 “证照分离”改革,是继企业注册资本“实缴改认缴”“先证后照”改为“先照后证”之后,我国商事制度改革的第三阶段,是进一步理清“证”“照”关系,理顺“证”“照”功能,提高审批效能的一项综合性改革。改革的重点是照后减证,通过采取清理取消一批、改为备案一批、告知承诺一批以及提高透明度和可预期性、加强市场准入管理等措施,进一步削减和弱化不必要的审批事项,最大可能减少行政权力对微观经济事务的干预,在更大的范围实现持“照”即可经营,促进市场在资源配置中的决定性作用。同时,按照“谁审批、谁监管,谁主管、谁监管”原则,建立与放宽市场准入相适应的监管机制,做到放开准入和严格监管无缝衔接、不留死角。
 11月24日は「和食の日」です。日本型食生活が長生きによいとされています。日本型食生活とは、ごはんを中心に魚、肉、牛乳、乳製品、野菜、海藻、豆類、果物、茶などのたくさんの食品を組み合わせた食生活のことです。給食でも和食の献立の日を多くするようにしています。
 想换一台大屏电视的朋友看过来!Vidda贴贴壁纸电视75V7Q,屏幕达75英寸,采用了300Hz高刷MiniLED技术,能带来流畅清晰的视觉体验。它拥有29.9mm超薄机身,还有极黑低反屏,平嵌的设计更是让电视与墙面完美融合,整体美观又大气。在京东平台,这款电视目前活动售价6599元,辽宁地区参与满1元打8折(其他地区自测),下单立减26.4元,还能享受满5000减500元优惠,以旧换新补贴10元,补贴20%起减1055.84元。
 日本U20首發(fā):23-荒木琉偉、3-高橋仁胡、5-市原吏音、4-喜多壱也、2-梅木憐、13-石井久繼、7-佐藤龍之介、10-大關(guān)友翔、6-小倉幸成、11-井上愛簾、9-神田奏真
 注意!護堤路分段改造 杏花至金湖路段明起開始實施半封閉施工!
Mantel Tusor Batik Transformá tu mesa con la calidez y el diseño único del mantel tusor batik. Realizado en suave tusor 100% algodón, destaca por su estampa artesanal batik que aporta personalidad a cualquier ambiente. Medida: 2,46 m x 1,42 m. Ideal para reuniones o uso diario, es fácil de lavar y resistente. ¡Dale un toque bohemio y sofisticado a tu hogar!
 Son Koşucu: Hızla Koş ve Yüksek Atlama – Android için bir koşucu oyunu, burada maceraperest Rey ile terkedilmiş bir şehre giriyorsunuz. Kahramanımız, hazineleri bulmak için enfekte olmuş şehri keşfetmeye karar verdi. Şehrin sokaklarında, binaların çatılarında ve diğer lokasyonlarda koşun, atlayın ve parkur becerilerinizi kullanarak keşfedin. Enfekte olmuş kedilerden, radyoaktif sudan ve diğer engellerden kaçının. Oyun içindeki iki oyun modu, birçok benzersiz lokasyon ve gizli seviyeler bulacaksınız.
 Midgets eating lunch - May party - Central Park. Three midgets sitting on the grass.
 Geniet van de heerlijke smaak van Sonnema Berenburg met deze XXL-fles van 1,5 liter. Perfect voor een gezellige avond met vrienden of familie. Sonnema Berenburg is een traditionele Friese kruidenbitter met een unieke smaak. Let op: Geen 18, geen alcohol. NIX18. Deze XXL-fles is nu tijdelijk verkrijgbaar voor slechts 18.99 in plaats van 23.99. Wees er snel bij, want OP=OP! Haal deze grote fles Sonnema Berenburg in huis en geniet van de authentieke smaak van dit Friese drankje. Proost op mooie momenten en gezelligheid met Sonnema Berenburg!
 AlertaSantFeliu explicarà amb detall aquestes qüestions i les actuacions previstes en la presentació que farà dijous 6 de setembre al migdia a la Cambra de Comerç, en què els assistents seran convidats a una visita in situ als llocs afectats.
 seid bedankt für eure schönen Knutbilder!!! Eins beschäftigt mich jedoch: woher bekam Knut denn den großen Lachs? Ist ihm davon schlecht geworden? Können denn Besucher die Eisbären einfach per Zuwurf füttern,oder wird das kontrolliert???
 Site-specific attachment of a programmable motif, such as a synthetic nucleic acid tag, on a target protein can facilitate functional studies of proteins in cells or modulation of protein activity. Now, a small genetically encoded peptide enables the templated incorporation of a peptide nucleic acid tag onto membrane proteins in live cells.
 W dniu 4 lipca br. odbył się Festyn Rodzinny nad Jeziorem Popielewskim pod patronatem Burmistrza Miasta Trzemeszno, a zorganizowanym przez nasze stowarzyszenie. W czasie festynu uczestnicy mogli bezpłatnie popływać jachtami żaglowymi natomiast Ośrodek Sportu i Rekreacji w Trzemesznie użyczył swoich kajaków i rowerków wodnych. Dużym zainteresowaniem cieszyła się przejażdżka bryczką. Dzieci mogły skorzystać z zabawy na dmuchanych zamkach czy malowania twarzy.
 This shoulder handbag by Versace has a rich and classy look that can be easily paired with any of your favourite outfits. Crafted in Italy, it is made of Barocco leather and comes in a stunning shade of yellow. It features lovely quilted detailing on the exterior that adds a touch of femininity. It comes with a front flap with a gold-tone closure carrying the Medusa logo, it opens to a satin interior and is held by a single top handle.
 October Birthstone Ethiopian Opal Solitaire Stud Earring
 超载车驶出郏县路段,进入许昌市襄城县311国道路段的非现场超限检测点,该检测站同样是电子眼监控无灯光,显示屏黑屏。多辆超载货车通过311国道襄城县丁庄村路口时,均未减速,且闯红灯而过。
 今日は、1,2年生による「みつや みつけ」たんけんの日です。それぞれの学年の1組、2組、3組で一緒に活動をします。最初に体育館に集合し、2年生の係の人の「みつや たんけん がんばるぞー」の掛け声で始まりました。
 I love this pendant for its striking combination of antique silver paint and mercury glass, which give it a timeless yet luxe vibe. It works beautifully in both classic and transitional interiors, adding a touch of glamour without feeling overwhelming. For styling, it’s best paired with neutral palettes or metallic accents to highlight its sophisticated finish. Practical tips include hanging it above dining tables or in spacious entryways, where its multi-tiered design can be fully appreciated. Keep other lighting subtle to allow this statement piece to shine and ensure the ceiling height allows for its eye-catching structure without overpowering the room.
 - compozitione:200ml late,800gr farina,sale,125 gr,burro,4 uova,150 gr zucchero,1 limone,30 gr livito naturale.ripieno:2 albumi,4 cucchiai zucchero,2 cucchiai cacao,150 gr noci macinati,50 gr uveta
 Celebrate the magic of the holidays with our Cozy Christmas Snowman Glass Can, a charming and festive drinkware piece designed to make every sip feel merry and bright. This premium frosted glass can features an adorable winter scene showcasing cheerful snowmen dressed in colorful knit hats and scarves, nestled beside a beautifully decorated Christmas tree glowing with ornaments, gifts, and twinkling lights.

### TASK DIRECTIONS
With the first line of the material as the start and the line containing "想换一台大屏电视的朋友看过来" as the end, repeat that span exactly and add nothing.

### TASK OUTPUT
 “证照分离”改革,是继企业注册资本“实缴改认缴”“先证后照”改为“先照后证”之后,我国商事制度改革的第三阶段,是进一步理清“证”“照”关系,理顺“证”“照”功能,提高审批效能的一项综合性改革。改革的重点是照后减证,通过采取清理取消一批、改为备案一批、告知承诺一批以及提高透明度和可预期性、加强市场准入管理等措施,进一步削减和弱化不必要的审批事项,最大可能减少行政权力对微观经济事务的干预,在更大的范围实现持“照”即可经营,促进市场在资源配置中的决定性作用。同时,按照“谁审批、谁监管,谁主管、谁监管”原则,建立与放宽市场准入相适应的监管机制,做到放开准入和严格监管无缝衔接、不留死角。
 11月24日は「和食の日」です。日本型食生活が長生きによいとされています。日本型食生活とは、ごはんを中心に魚、肉、牛乳、乳製品、野菜、海藻、豆類、果物、茶などのたくさんの食品を組み合わせた食生活のことです。給食でも和食の献立の日を多くするようにしています。
 想换一台大屏电视的朋友看过来!Vidda贴贴壁纸电视75V7Q,屏幕达75英寸,采用了300Hz高刷MiniLED技术,能带来流畅清晰的视觉体验。它拥有29.9mm超薄机身,还有极黑低反屏,平嵌的设计更是让电视与墙面完美融合,整体美观又大气。在京东平台,这款电视目前活动售价6599元,辽宁地区参与满1元打8折(其他地区自测),下单立减26.4元,还能享受满5000减500元优惠,以旧换新补贴10元,补贴20%起减1055.84元。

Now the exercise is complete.